# Video from our latest gig



## captainbrew (Feb 5, 2010)

An original song called Don't Wanna Say No from our show at the Elmdale House Tavern in Ottawa on December 30th 2011.
Enjoy!

http://youtu.be/o6JPy3oNCLc


----------



## GuitarsCanada (Dec 30, 2005)

Good work. Nice song


----------



## blam (Feb 18, 2011)

Good stuff.


----------



## marcos (Jan 13, 2009)

Very nice guys. A lot of soul. I will try and catch you guys live the next time your playing.


----------



## keto (May 23, 2006)

Wow, I like everything about that!
-cool tune with good groove, plus some dynamic range that's often missing these days
-good mix there, can really hear both guitars (single + humbucker, with different EQ's, is a great mix - no shocker)
-I can even hear the bass nice and clearly, I don't hear as well in that range usually. Again, great mix.
-singer has a pretty unique voice


----------



## captainbrew (Feb 5, 2010)

Thanks keto. We like the mix of my strats/tele with my Matchless Chieftain and our singer's Eastman semi-hollow w/Fralin humbucking P90 type pickups and his Dr.Z MAZ18. Really seems to fill the whole spectrum of guitar tone. We don't really hear any bands that sound quite like us out there which is tough in a world of soundalike bands. A lot of clubs want bands that sound like everybody else out there. Glad you enjoyed!


----------



## fredyfreeloader (Dec 11, 2010)

I've listened to some of your videos before and as usual this one is another fine piece, keep up the good work.


----------



## Chito (Feb 17, 2006)

Great to meet you guys! Was a great show!


----------



## captainbrew (Feb 5, 2010)

Chito said:


> Great to meet you guys! Was a great show!
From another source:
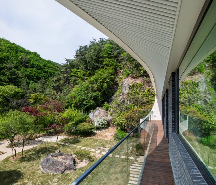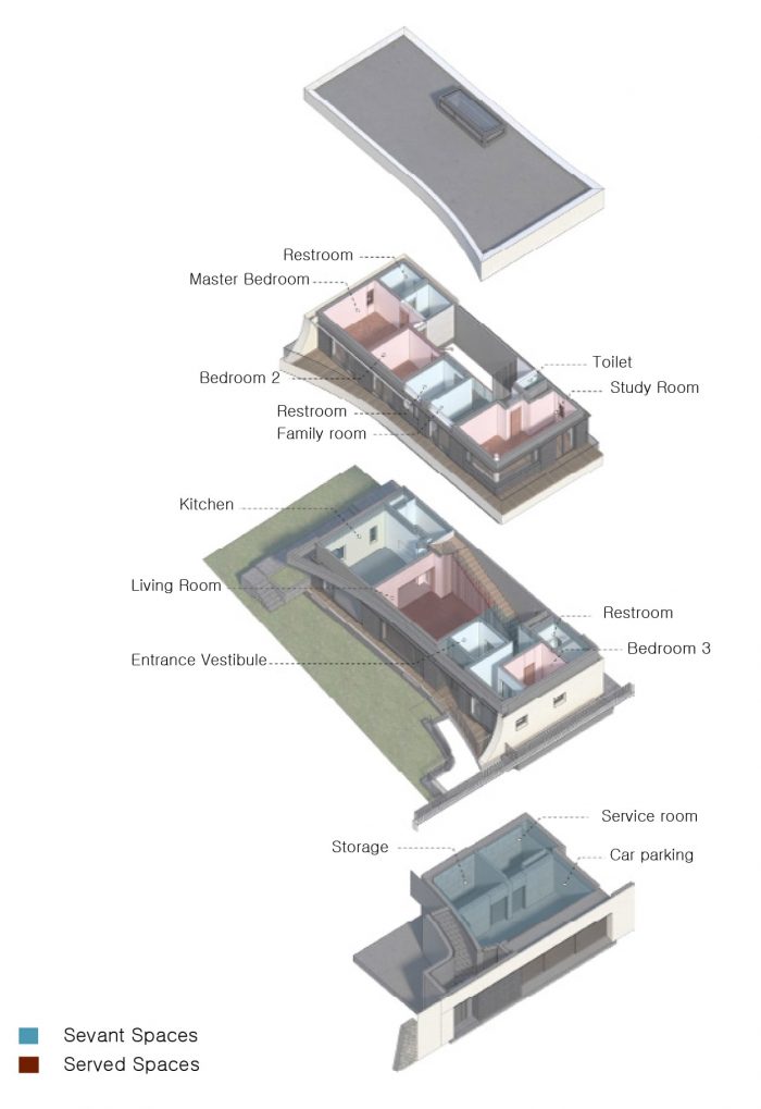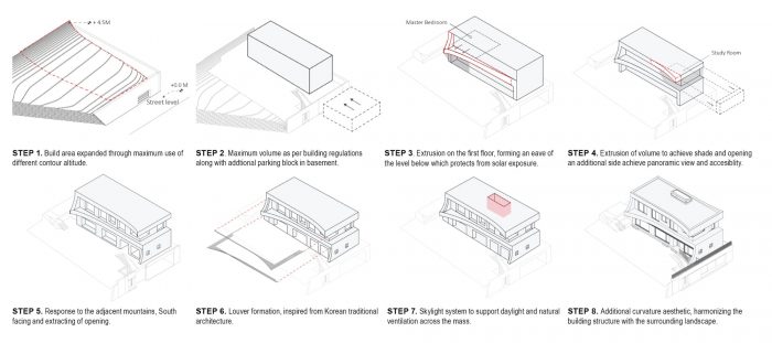 Eaves house, a home for a couple in Gwacheon, portrays how to re-interpret traditional Korean eave typology to achieve high environmental and aesthetical standards. Located in between Gwanaksan Mountain and Cheonggyecheon Mountain, the site offers a panoramic view of its surrounding mountains. The project aims to achieve an architectural outcome where the balance between nature perseverance and spatial experience coexist. Additionally, a continuous interplay between light and shadow along with various scenery interchanges are expected to tag along in the process.

Thanks Chito. It was nice to meet you as well. I'm glad you enjoyed the show and we hope to see you again!


----------



## Sneaky (Feb 14, 2006)

Good stuff. 

The backwards "NREVAT" sign and the lefty strat made me feel like I was watching the video in a mirror though. 


:banana:


----------



## ZeroSixOne (Jan 3, 2012)

Great sound guys... nice soul...

Kinda have the John Mayer vibe!


----------



## captainbrew (Feb 5, 2010)

ZeroSixOne said:


> Great sound guys... nice soul...
> 
> Kinda have the John Mayer vibe!


Thanks. Both myself and our singer/other guitarist are fans of John Mayer.
We're mostly into a lot of the Motown era people like Marvin Gaye, Donny Hathaway and Stevie Wonder. We're also into other stuff like Bob Marley, Amos Lee, Wide Mouth Mason, Soulive and a bunch of other sutff.


----------